In the process, the same recommendation developed a definition of two fundamental terms: competence and key competence. The former was defined as a combination of knowledge, skills and attitudes whereas the latter was defined as those which all individuals need to perform and progress within the contexts of society, citizenship and employment. Furthermore, a set of four competences were considered essential for their direct impact on learning. These were: language, literacy, numeracy and information, and communication technologies.

Digital Competence (DigiComp) was further defined as “the confident and critical use of Information Society Technology (IST) for work, leisure, learning and communication”. [ii]

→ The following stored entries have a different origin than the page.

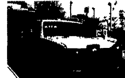
96 Ford F250 Ex. Cab, Utility, 5.8 V8, Auto, AC, 105,000 Miles $9,900
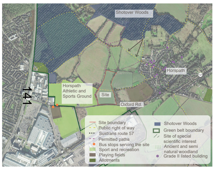
Site location and context
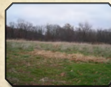
2188 Old Denmark Road E 14.65 acres • 638,514 sq. ft. Listing #20162574
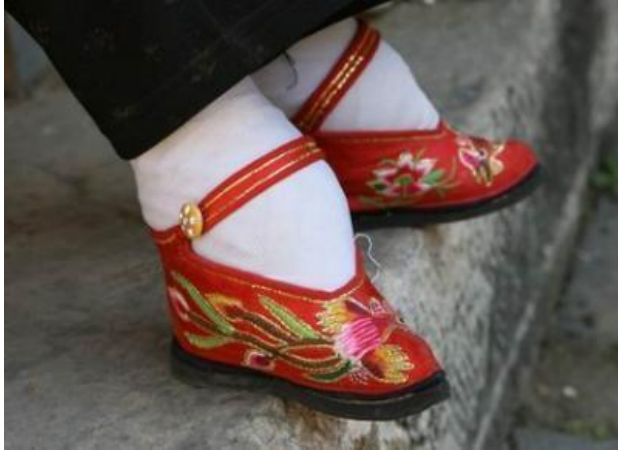
FIGURE 2. Wrapped feet with matched shoes.

The feet of a standing human have plate-like soles, rather than simple pivots. These plate-like soles are essential to stabilizing a standing posture. As an extreme counterexample (FIGURE 2) is the cruel three thousand years practice of foot wrapping of females in China until beginning of the 20th Century that made a woman totter while walking.
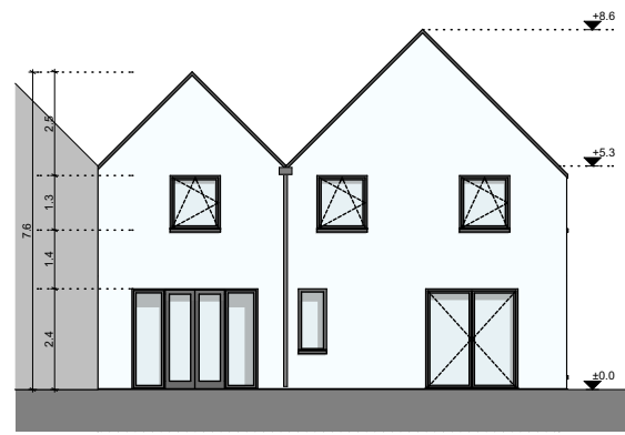
Rear Elevation SCALE 1:200
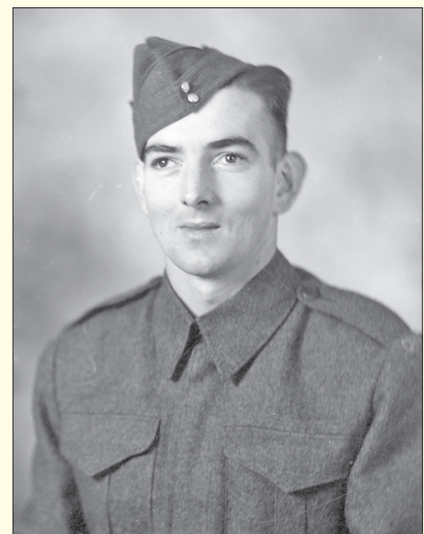
James McKay was killed in action during the Second World War but he is far from forgotten by those he helped liberate in Holland. [edms 1869]

Check out the projects at https://www.project44.ca/ and https://www.facestograves.nl/ .
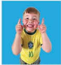
"YOUR KINGDOM COME
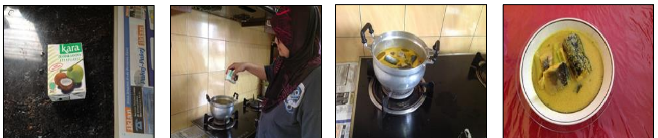
Figure 1: Demonstrates the use of coconut cream in making gulai ikan where it reduces the hustle of grating and squeezing the coconut to get its cream
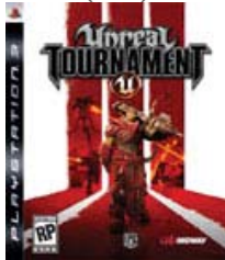
Unreal Tournament 3 (PS3)
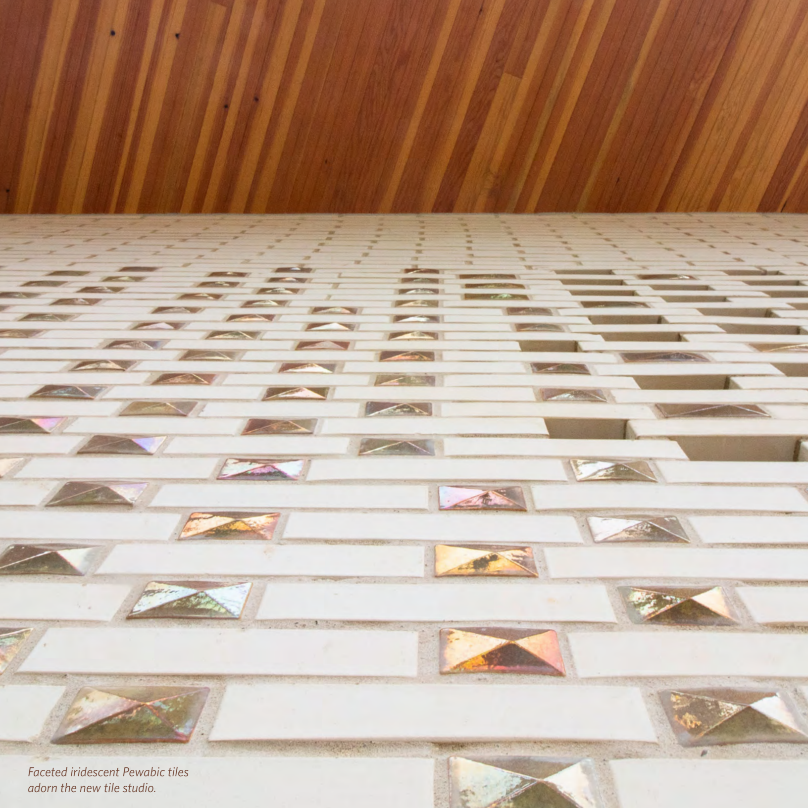
Faceted iridescent Pewabic tiles adorn the new tile studio.
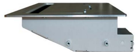
side view Hybrid Slim T-315
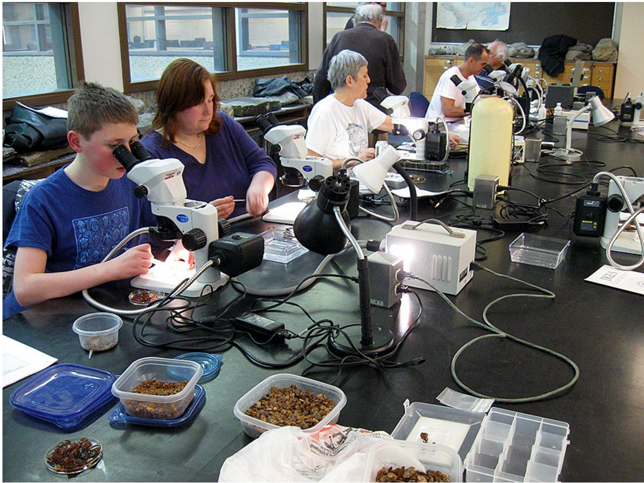
Sorting amber specimens (containers in foreground) for fossil inclusions.

of Alberta, described his adventures in New Brunswick, searching for early Devonian fish.
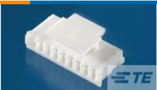
TE Part # 1-1735447-0 HPI 2.0 RECEPTACLE HOUSING, 10P
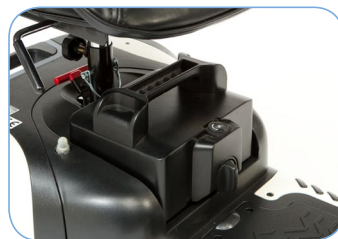
NEW 20AH BATTERY PACK
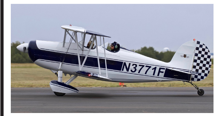
N3771F, Great Lakes 2T-1A-2, msn 764, ff 1977.

Have a wonderful month and enjoy a fly-in somewhere.
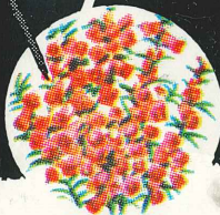
PINK HEATH VICTORIA
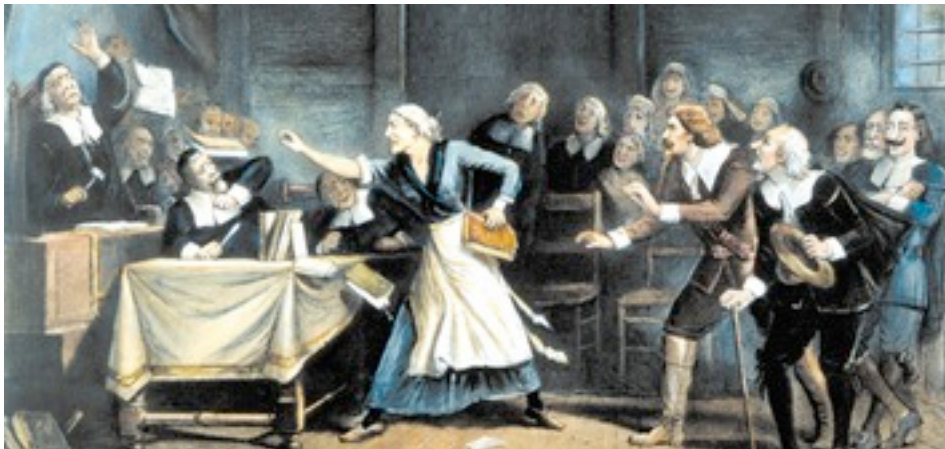
Click to read caption

Lesser crimes, such as drunkenness and breaking the Sabbath (working or traveling on Sunday), were punished with fines, short jail terms, or public humiliation. A colonist caught breaking the Sabbath, for example, might be locked in the town stocks. The stocks were a heavy wooden frame with holes for a person's neck, wrists, and ankles. Lawbreakers were locked for hours in this device in a public place where others could ridicule them.
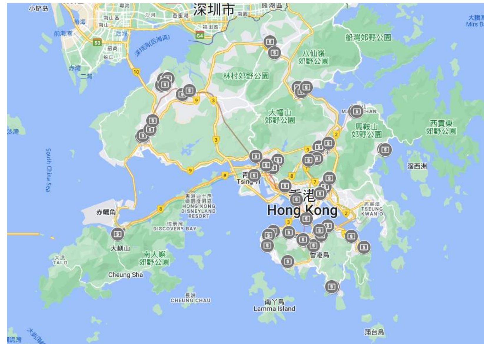
涵蓋全港17區 17 districts coverage
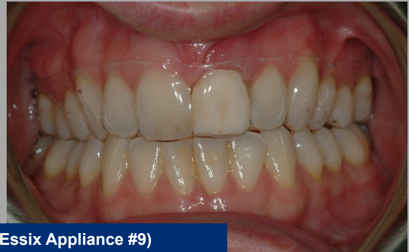
During Treatment (Essix Appliance #9)
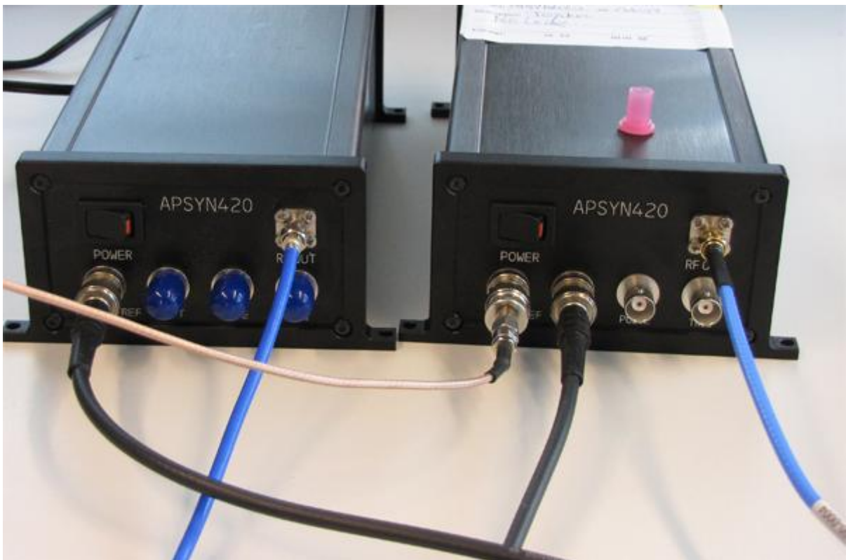
Figure 1: Test setup

Figure 1 shows the test setup to determine the level of phase stability (coherence) between two APSYN420C frequency synthesizers programmed to 16 GHz output. An APPh Signal source analyzer is used to monitor the phase stability between two RF channels over a long time interval, in this case approx. 9 hours.
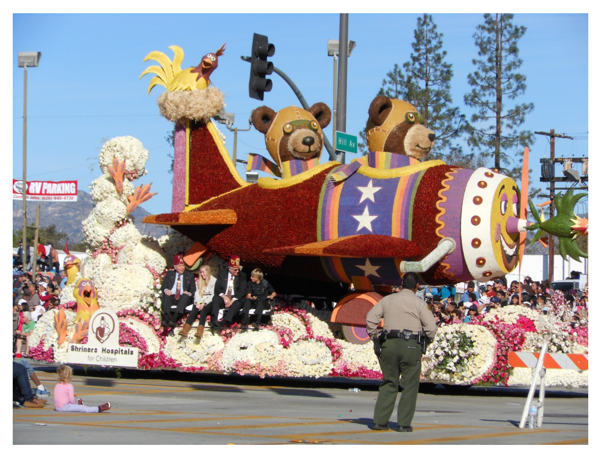
Shriners Hospitals for Children—Rose Bowl Float 2011
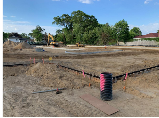
Poured curbs for southwest parking lot.
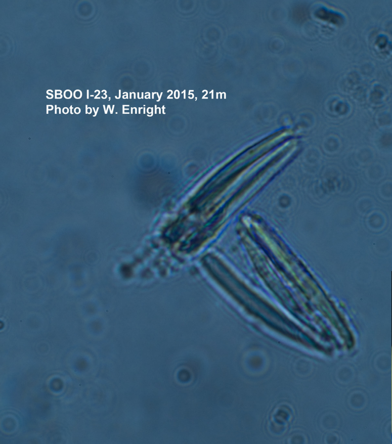
SBOO I-23, January 2015, 21m

Digital competence is a transversal key competence which, as such, enables us to acquire other key competences (e.g., language, mathematics, learning to learn, cultural awareness). It is related to many of the 21st Century Skills which should be acquired by all citizens, to ensure their active participation in society and the economy.” [iii]

Another dimension of many of these competences was that they are transferable or transversal competences[iv]. More specifically, they are “independent of subjects” and are rather based on “cross-curricular objectives“. These competences relate to better management of one’s own learning, social and interpersonal relations and communication. From an educational point of view “they reflect a general shift of emphasis from teaching to learning.”

What research[v] into the nature and function of transversal competences indicated was a change in emphasis from knowledge to skills and attitudes, from curriculum input to output for learners. This change in focus requires a pedagogical transformation to sustain it as well as supportive assessment of key features in order to foster progress and development.

Further research[vi] recognized that, despite the development in the understanding of transversal key competences, two major challenges remained. First, “the need for a more strategic approach in supporting the key competences approach at school.” Secondly “the need to enhance the status of the transversal competences (digital, civic and entrepreneurship) as compared to the traditional subject-based competences.”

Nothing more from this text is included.